### Exercise prompt
Pictures in the records are to be excluded from an otherwise exact copy.

+---+

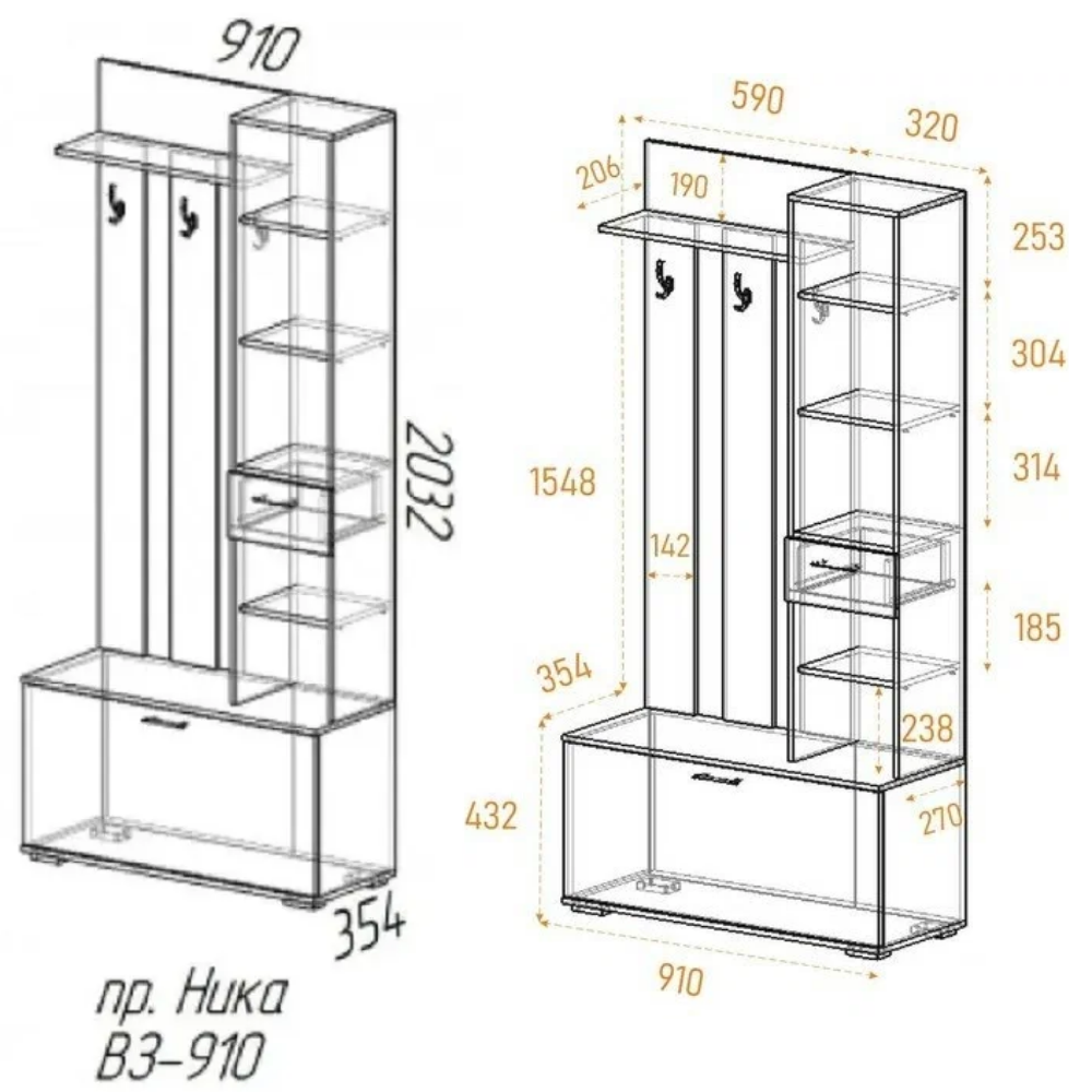 Угловая вешалка - пенал, полка торцевая Ника, ЛДСП, 35 х 35 см, цвет белый
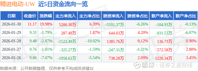 证券之星消息,精进电动1月30日涨停收盘,收盘价11.17元。该股于13点40分涨停,1次打开涨停,截止收盘封单资金为1446.73万元,占其流通市值0.25%。
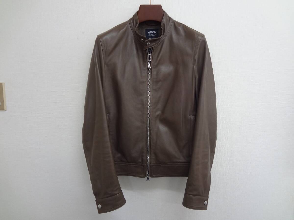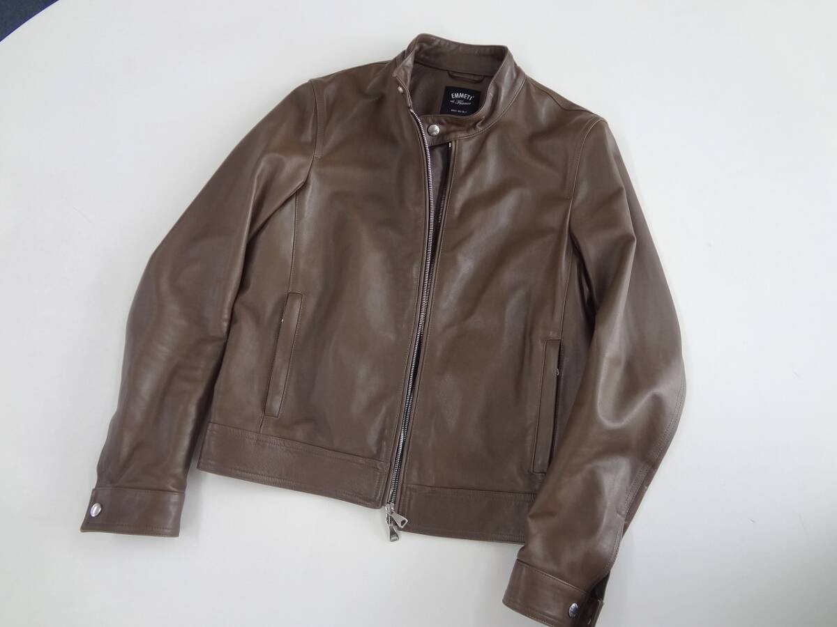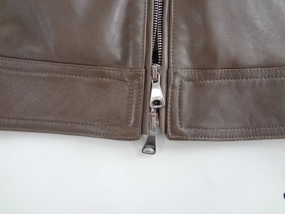 エンメティ EMMETI JURI  シングル ライダース ジャケット カラー グレーブラウン シルバージップ サイズ 46
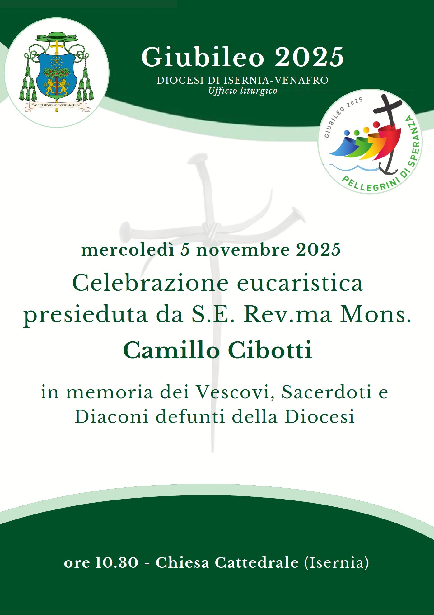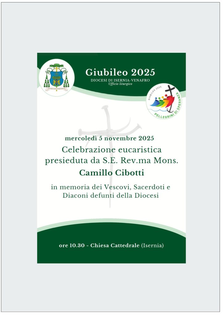 Mercoledì 5 novembre 2025 ore 10.30 Cattedrale di Isernia – Celebrazione eucaristica presieduta da S.E. Rev.ma Mons. Camillo Cibotti in memoria dei Vescovi, Sacerdoti e Diaconi defunti della Diocesi
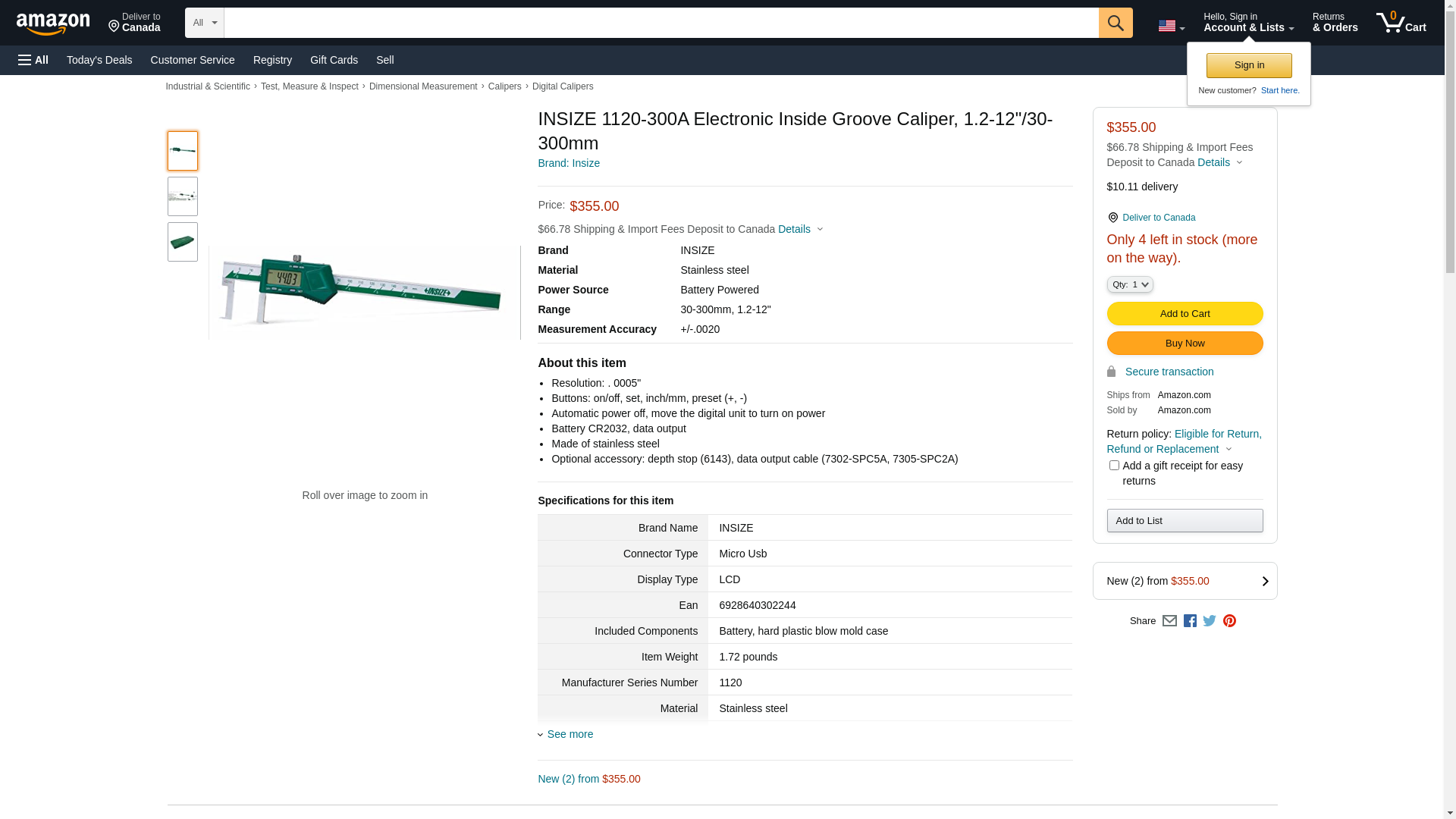 INSIZE 1120-300A Electronic Inside Groove Caliper, 1.2-12"/30-300mm
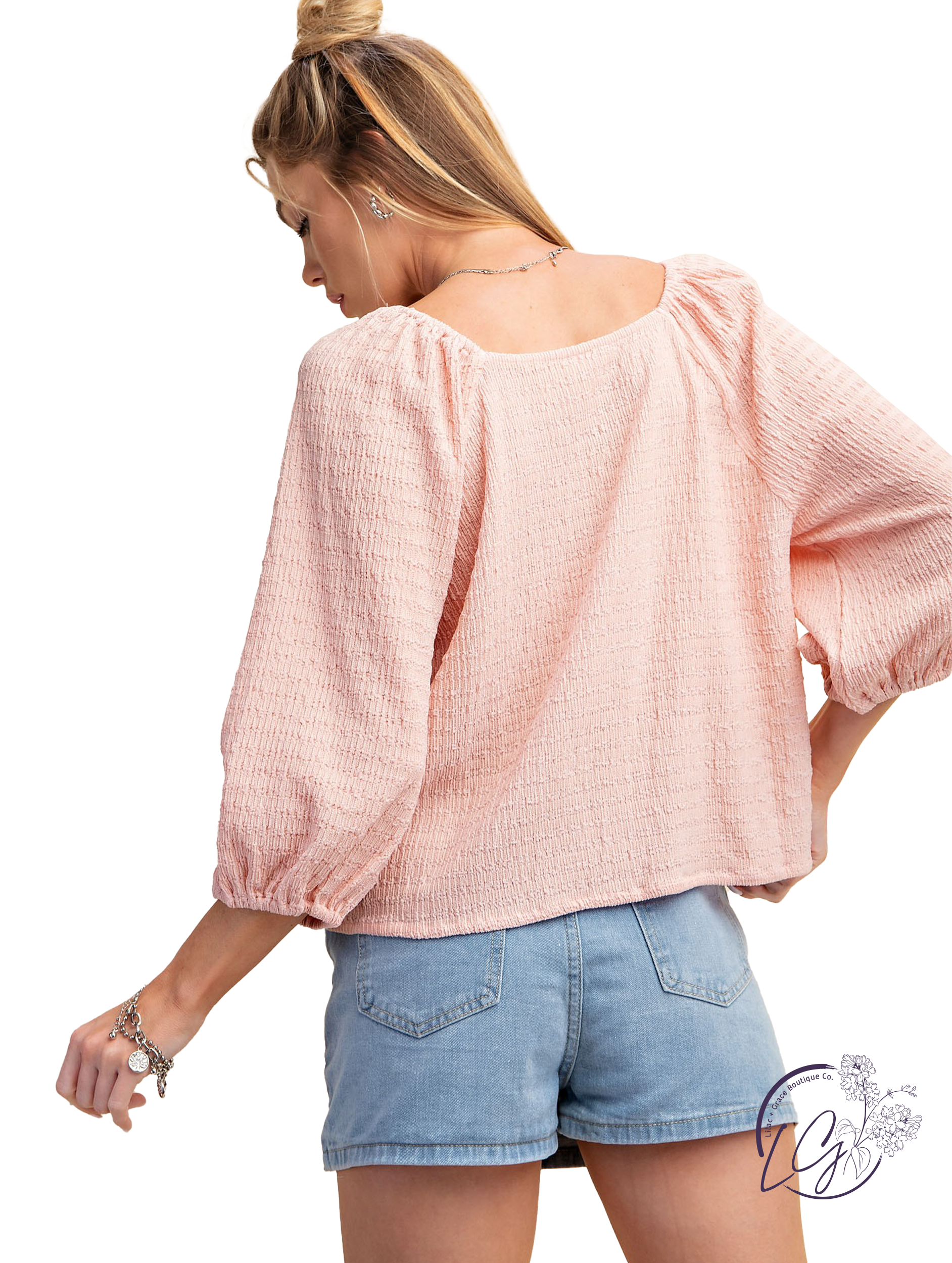 Indulge in luxury and comfort with our Soft Cloud Bubble Top! The V-neck design and bubble sleeves add a touch of elegance and playfulness. Perfect for any occasion, the 3/4 sleeves provide versatility while the solid color allows for effortless styling. Treat yourself to a cloud-like experience today!
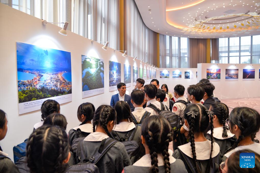 Guests visit the "Charming Guangdong" photography exhibition at the promotion conference in Jakarta, Indonesia, June 24, 2024. A Guangdong-Hong Kong-Macao Greater Bay Area tourism promotion event was held on Monday in Jakarta. More than 200 people, including representatives of relevant cultural and tourism institutions in China's Guangdong Province, representatives of the Indonesian cultural and tourism industry, and media from China and Indonesia, participated in the event. (Xinhua/Xu Qin)

+---+

### Exercise result
 Угловая вешалка - пенал, полка торцевая Ника, ЛДСП, 35 х 35 см, цвет белый
 证券之星消息,精进电动1月30日涨停收盘,收盘价11.17元。该股于13点40分涨停,1次打开涨停,截止收盘封单资金为1446.73万元,占其流通市值0.25%。
 エンメティ EMMETI JURI  シングル ライダース ジャケット カラー グレーブラウン シルバージップ サイズ 46
 Mercoledì 5 novembre 2025 ore 10.30 Cattedrale di Isernia – Celebrazione eucaristica presieduta da S.E. Rev.ma Mons. Camillo Cibotti in memoria dei Vescovi, Sacerdoti e Diaconi defunti della Diocesi
 INSIZE 1120-300A Electronic Inside Groove Caliper, 1.2-12"/30-300mm
 Indulge in luxury and comfort with our Soft Cloud Bubble Top! The V-neck design and bubble sleeves add a touch of elegance and playfulness. Perfect for any occasion, the 3/4 sleeves provide versatility while the solid color allows for effortless styling. Treat yourself to a cloud-like experience today!
 Guests visit the "Charming Guangdong" photography exhibition at the promotion conference in Jakarta, Indonesia, June 24, 2024. A Guangdong-Hong Kong-Macao Greater Bay Area tourism promotion event was held on Monday in Jakarta. More than 200 people, including representatives of relevant cultural and tourism institutions in China's Guangdong Province, representatives of the Indonesian cultural and tourism industry, and media from China and Indonesia, participated in the event. (Xinhua/Xu Qin)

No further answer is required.